A Spatial domain with nine columns and four rows, and spatial cost values shown in the grid cells. The three-segment dashed line joins points p1 and p2. The cells crossed by this least-cost path from the lower-left to the lower-right are shown in gray. B Illustration of how a cost surface may influence least-cost links. Hatching indicates areas with higher cost. The least-cost path between nodes may not coincide with the shortest straight-line path, and may join different perimeter points.

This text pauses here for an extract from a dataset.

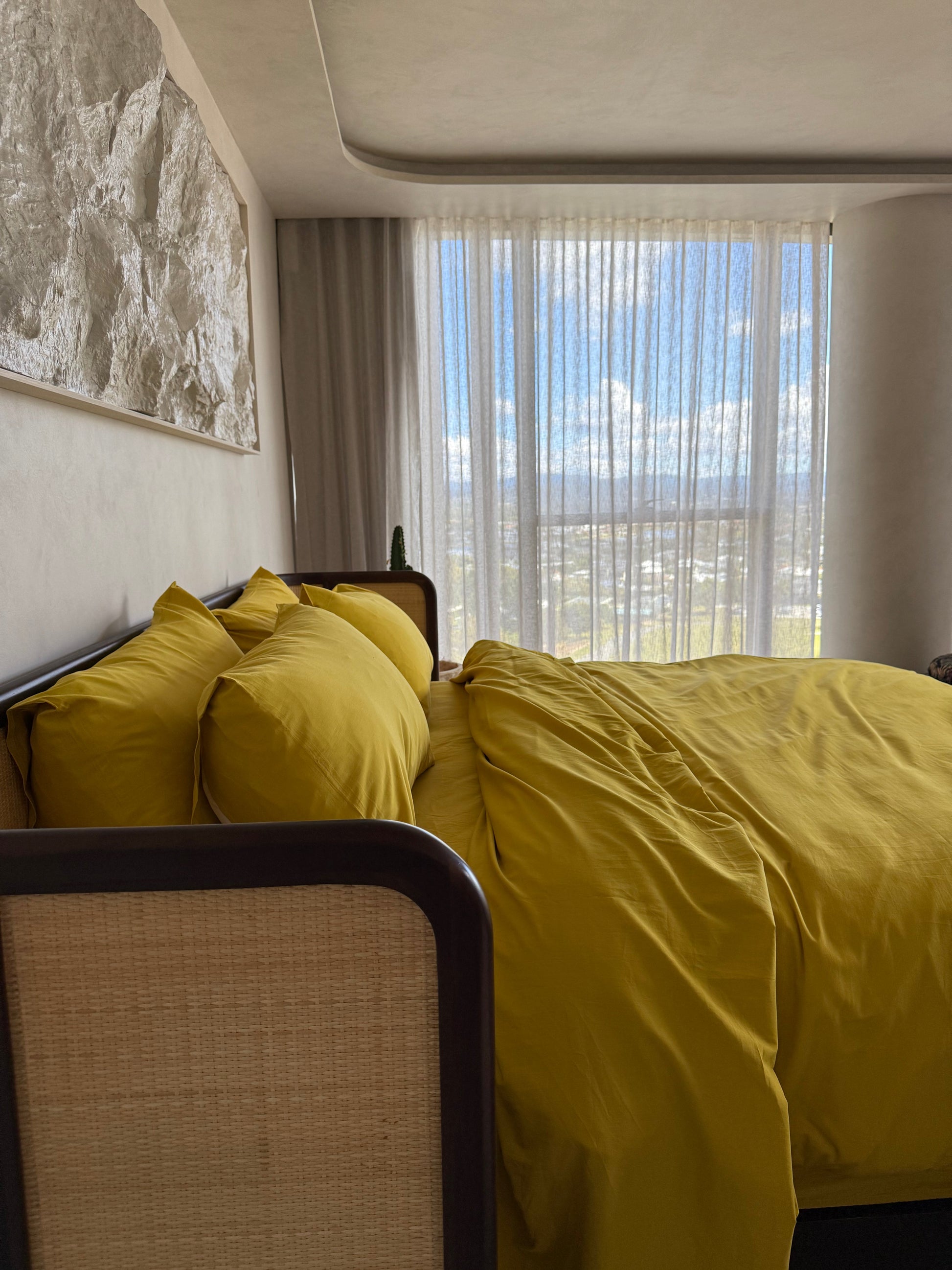 At Common Thread we use super fine long staple organic cotton then tightly weave in a special process called 'Percale basket weaving'. This creates strength with a luxurious look and feel.

A spatial cost function is a spatially varying function fcost(p) > 0 over every cell p where the value is interpreted as the cost in terms of one unit distance. Cost may reflect quantities such as movement energy or mortality risk, or, as in the case study, empirical observations of habitat selection. Euclidean distance is simply fcost(p) = 1. Using a base cost of 1 in higher quality habitat, cost may be interpreted as the “effective” distance of a path (for example, a path with a cost of 2,000 units would have the same cost as 2 km through higher quality habitat). As defined, cost functions are independent of direction and can be represented as a surface (Figure 2A). Directed cost can be defined using a second point parameter (for example, cost may differ asymmetrically with elevation change). The cost of a line segment (p1, p2) is the sum of the cost values for each cell crossed times the length of the line crossing the cell. The cost along a line (p1, p2,..., pk) is the sum of the segment costs. Because fcost increases monotonically along a line, it defines a metric space. That is, the cost of a line (p1, p2,..., pk) is less than the cost of any extension of the line (p1, p2,..., pk, pk+1). A least-cost path between two points is a line with minimal cost. In Figure 2A, the least-cost path from the lower-left to the lower-right cell consists of three segments, with costs \( 2 \times 3{\sqrt 2 } \), 1.5 and \( {\sqrt {9 + 16} } \) for a total cost of about 15.0 over a distance of \( 3{\sqrt 2 } + 1 + 5 \approx 10.2 \) cell lengths. The straight-line cost is 62.5 units over 8 cell lengths. Implementations ought to minimize grid biases (for example, along cardinal axes or diagonals) present in some tools (for example, Adriaensen and others 2003).

Spatial Graphs

Spatial graphs define an explicit union of graphs and geometric space (Table 6). The spatial referencing of nodes and links is a restriction that may help to refine and simplify algorithms. Binding nodes with spatial regions extends graph theory by introducing dimensionality (for example, two nodes joined by multiple links with different end points cannot be represented adequately in a conventional graph). In spatial graphs, the links and link weights (that is, costs) can be algorithmically defined (Table 7). When applying a cost surface, the shortest link in Euclidean space may not be the least-cost link (Figure 2).
Table 6.

Formal Definition of Spatial Graphs

• A spatial graph G = (N, L, S, fcost) is a weighted graph (N, L) combined with a spatial domain S and a spatial cost function fcost in which

 (i) the nodes represent non-overlapping, contiguous regions (base patches) in S;

 (ii) a link l = ((n, m), (pn,..., pm)) represents a connection between nodes n and m, as well as a line between points pn and pm which are, respectively, in the regions of nodes n and m;

 (iii) the weight of link l is defined by the accumulated cost along its line

Table 7.

Special Types of Links that can be Defined for a Spatial Graph

• A perimeter linkl = ((n, m), (pn,..., pm)) is a link for which points pn and pm are on the perimeter of nodes n and m, respectively

• A least-cost linkl = ((n, m), (pn,..., pm)) is a link between points pn and pm for which no other path between these points has a lower cost. With a Euclidean cost function, this is simply the straight line between the end points

• A direct link l = ((n, m), (pn,..., pm)) is a perimeter link for which only the end points on the line are within nodes (that is, no intermediate nodes are crossed)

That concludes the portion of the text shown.